Как действуют незаменимые аминокислоты
Каждое вещество реализует в человеческом организме определенные функции, в результате все органы и системы слаженно работают:
- Валин — генератор энергии, поддерживает азотный обмен, регенерирует ткани, организует мышечный метаболизм;
- Гистидин — сохраняет здоровье суставов, регулирует рост тканей и подстегивает процессы регенерации, поддерживает нормальный слух;
- Лейцин — поставщик энергии, защитник мышц, регенерирует все ткани тела, снижает сахар в составе крови, добавляет гормона роста;
- Аргинин — снижает запасы жира и увеличивает мышцы, стимулирует производство гормона роста, антираковое вещество, очищает печень, улучшает потенцию, снижает холестерин и давление;
- Изолейцин — способствует нормальному уровню гемоглобина, повышает выносливость, контролирует сахар в составе крови, помогает восстанавливать мышцы;
- Фенилаланин — трансформируется в Тирозин, снижает аппетит, обезболивает, улучшает память, повышает обучаемость;
- Треонин — способствует естественному производству эластина с коллагеном, улучшает иммунную защиту, задействован в обмене жиров, белков, защищает печень от обрастания жиром;
- Лизин — защищает от генитального герпеса, помогает усвоению кальция, предупреждает остеопороз и атеросклероз, повышает у женщин либидо, лечит волосы, действует как анаболик для роста мышц, улучшает память и эрекцию;
- Триптофан — задействован в выработке серотонина, ослабляет разрушительное действие никотина, снижает аппетит, поднимает настроение, повышает производство гормона роста, налаживает сон;
- Метионин — способствует переработке, а не отложению жиров, улучшает качество пищеварения, спасает беременных от токсикоза, используется при лечении артрита, аллергии, остеопороза, снижает вредное влияние радиации, предупреждает отложение жира на артериях и печени.

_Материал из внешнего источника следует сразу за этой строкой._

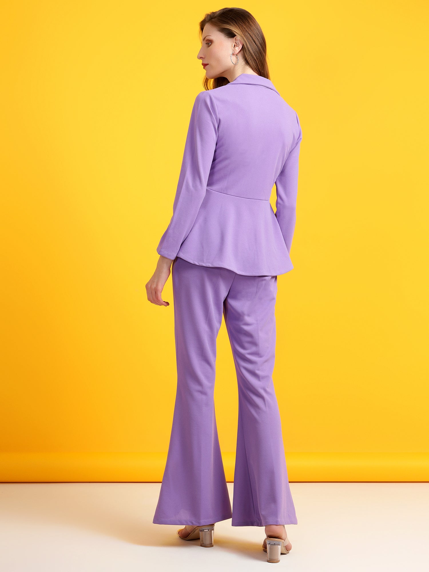 Get ready to slay in style with our Golden Kite Women's Coord Set! Look effortlessly stylish by donning this set. The beautiful V-neck and long sleeves will complement your overall look. Solid Regular Knotch Collar , A-line flared ,Front Button Closure ,Long Sleeve, Solid High-rise regular-fit trousers, Flared bottom , slip on closure , and two Side pockets
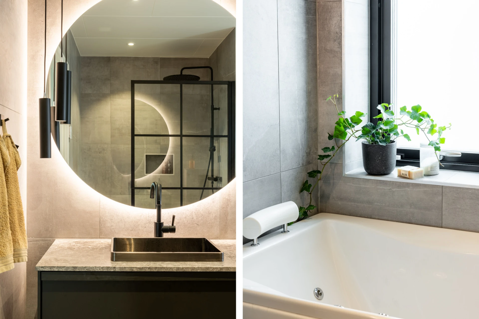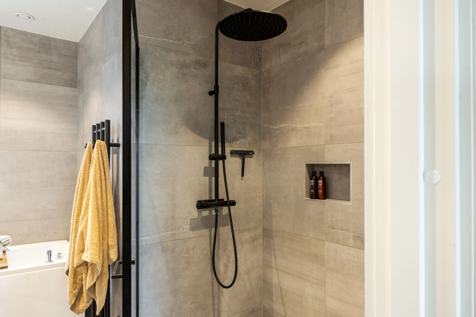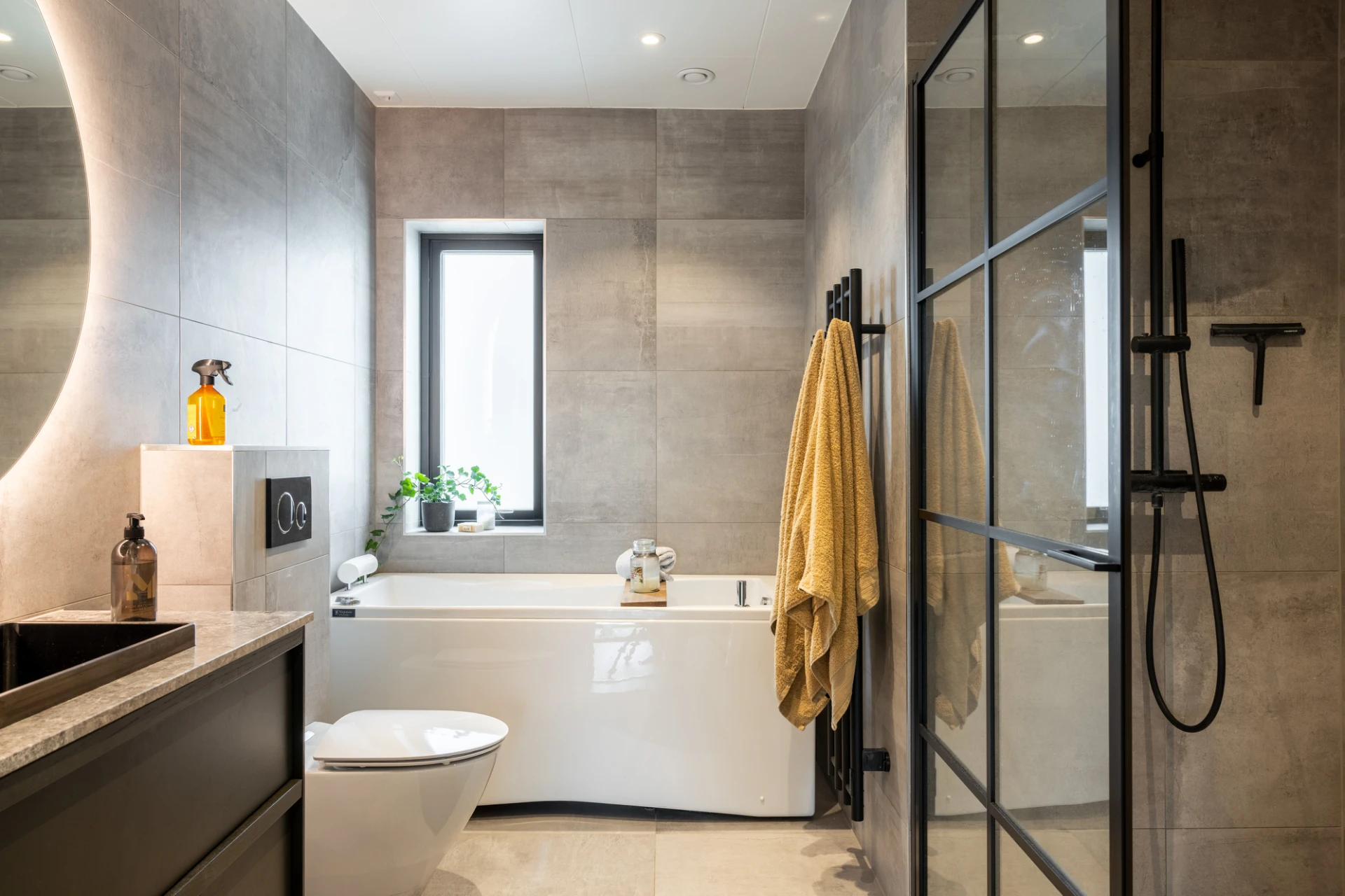 Helkaklat i grå nyans. Badrummet är utrustat med vägghängd WC, handfat med kommod, spegel, takdusch med vikbara glasväggar, spabad och handdukstork. Här finns även golvvärme (vattenburen).
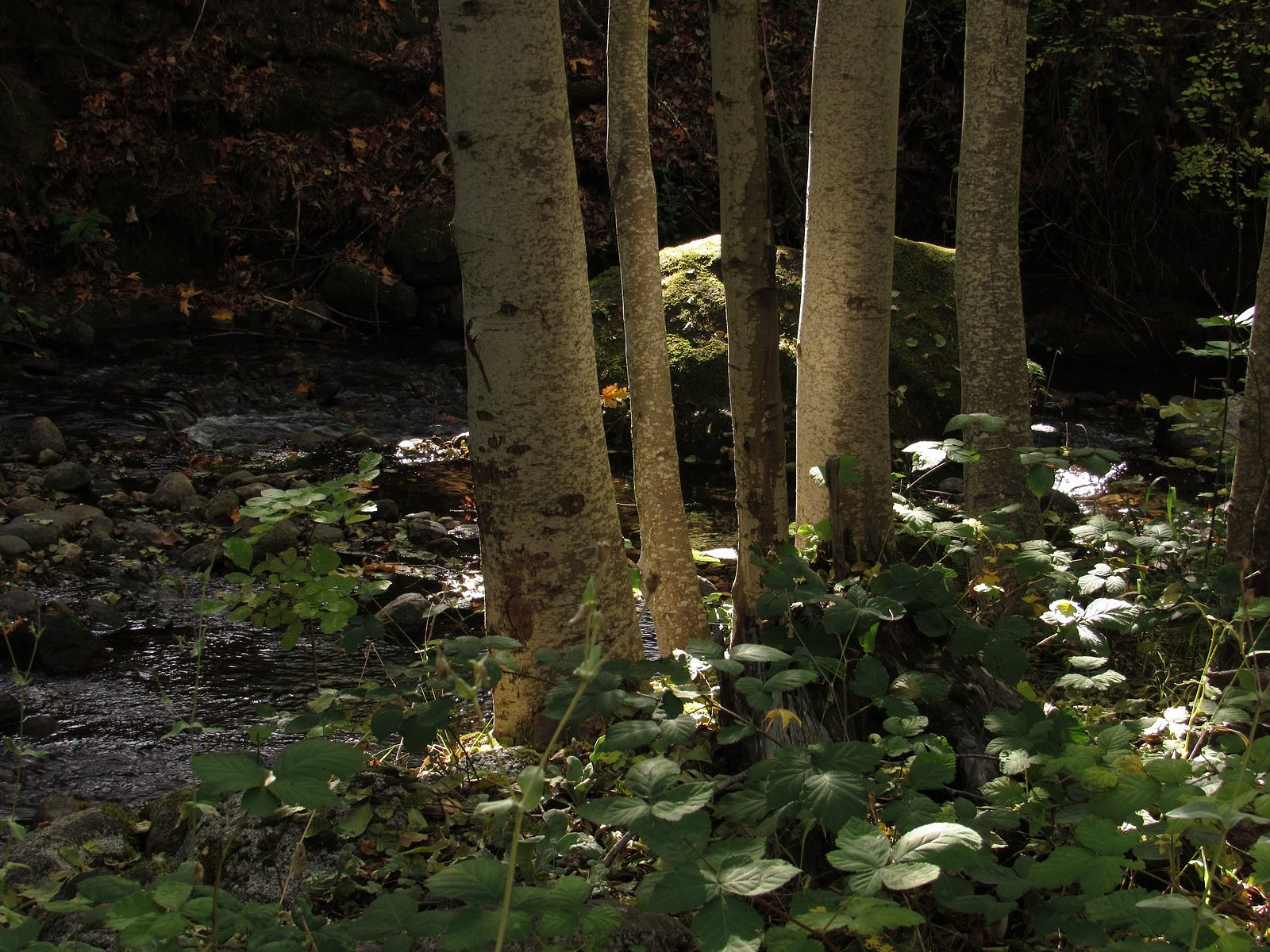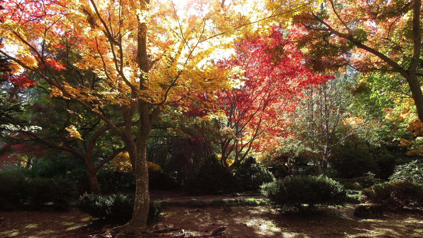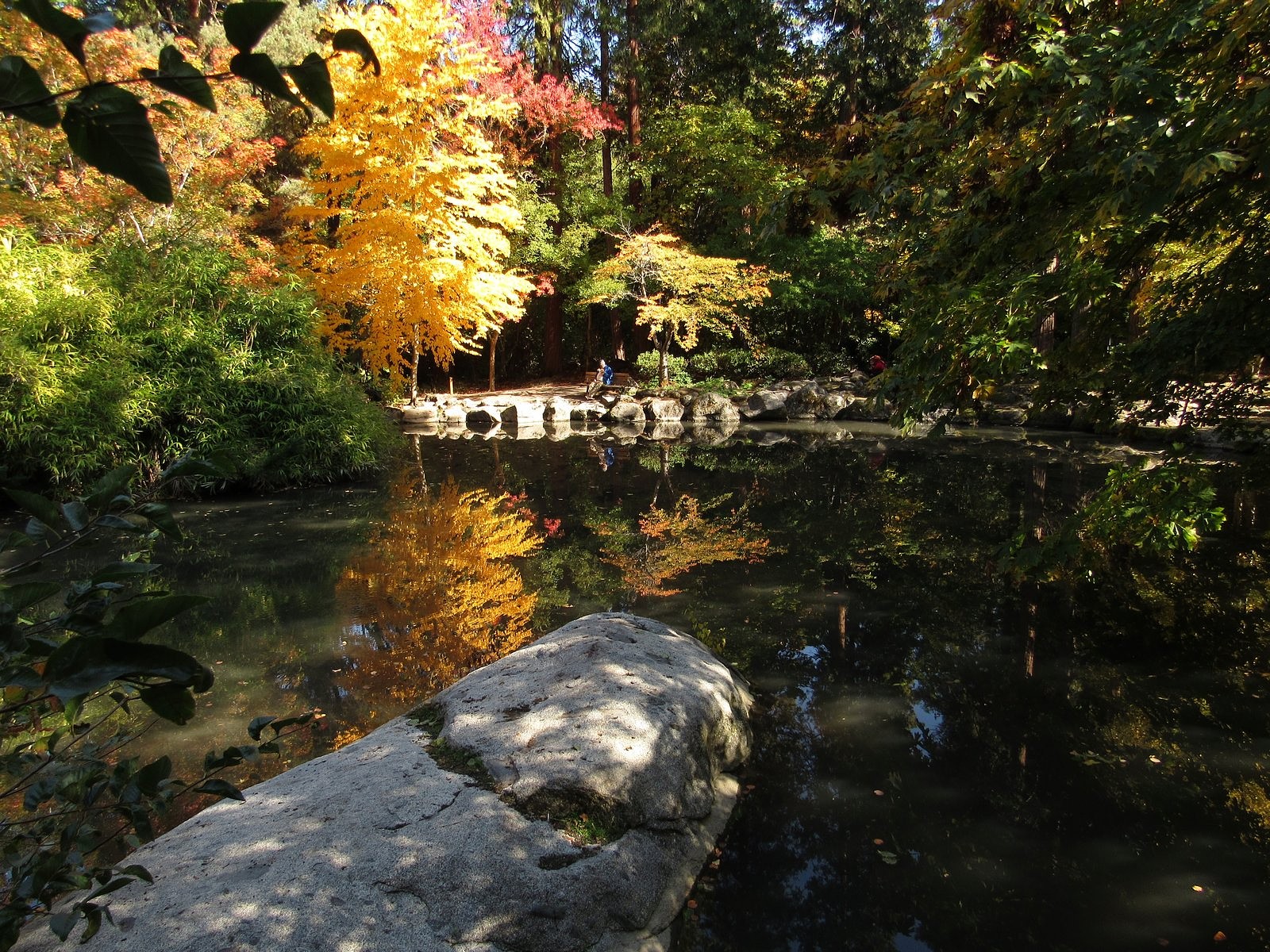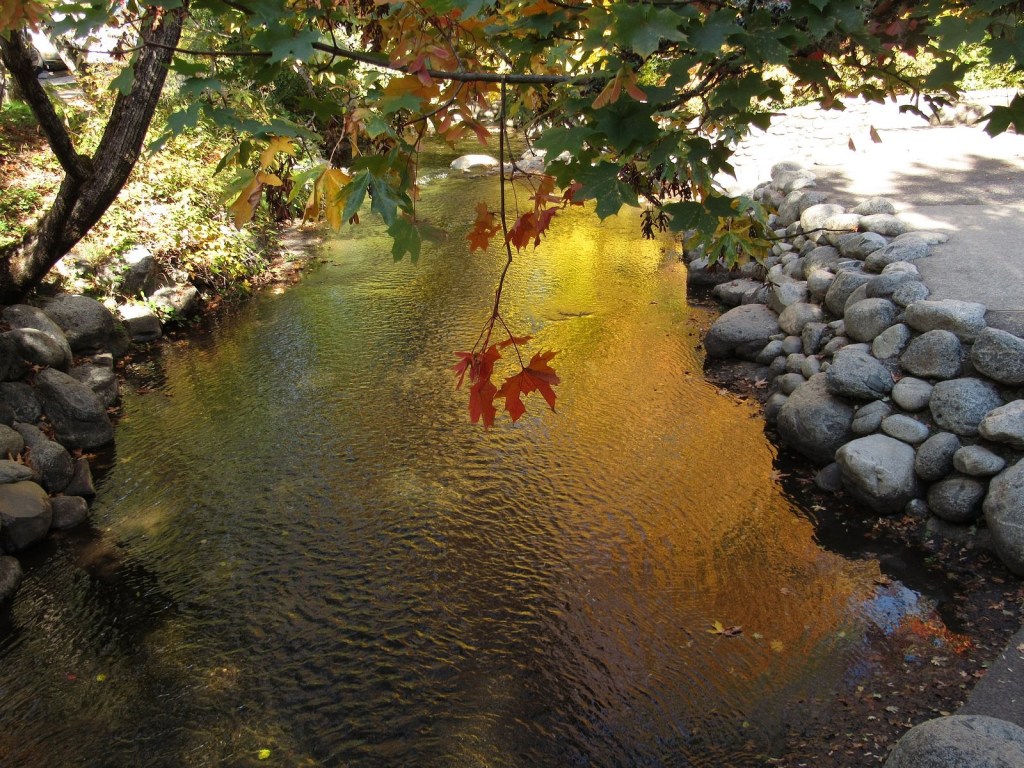 The subject this time is Ashland (Oregon)’s Lithia Park, which we visited on October 14, seeking fall color. Oregon’s forest trees are largely conifers, which don’t change color, so the seasonal color changes here are mostly found in street trees and city parks. Lithia Park is among the best of these, here or anywhere else: it was named one of America’s ten best public spaces by the American Planning Association in 2014. Its 93 acres, with landscaping designed by John McLaren – who also designed Golden Gate Park in San Francisco – offer delights any time of year, but particularly when the leaves are changing. The park is only 15 miles from our home, which barely makes a dent in the Bolt’s capacities, so you’ll find no electric-car stories here: just pictures. Enjoy this small bit of autumn in southern Oregon.

Последствия дефицита незаменимых аминокислот
Если организм постоянно недополучает аминокислоты, это приводит к множеству негативных изменений, среди них:
- повышенный риск травм;
- ухудшение спортивного прогресса;
- снижение иммунной защиты;
- замедление роста, дефицит массы тела;
- сбои в обмене веществ.
Незаменимые аминокислоты свойства имеют разные, каждая из них реализует отдельную полезную функцию. Все вещества вкупе помогают человеческому организму нормально работать без сбоев. Данный пост содержит название незаменимых аминокислот и обозначает основные пищевые источники. Информация предназначена для ознакомления и проверена специалистами. Вы уже поняли, незаменимые аминокислоты организм получает при употреблении определенных продуктов. Но можно также употреблять БАД. Сегодня в продаже есть много достойных внимания добавок с аминокислотами.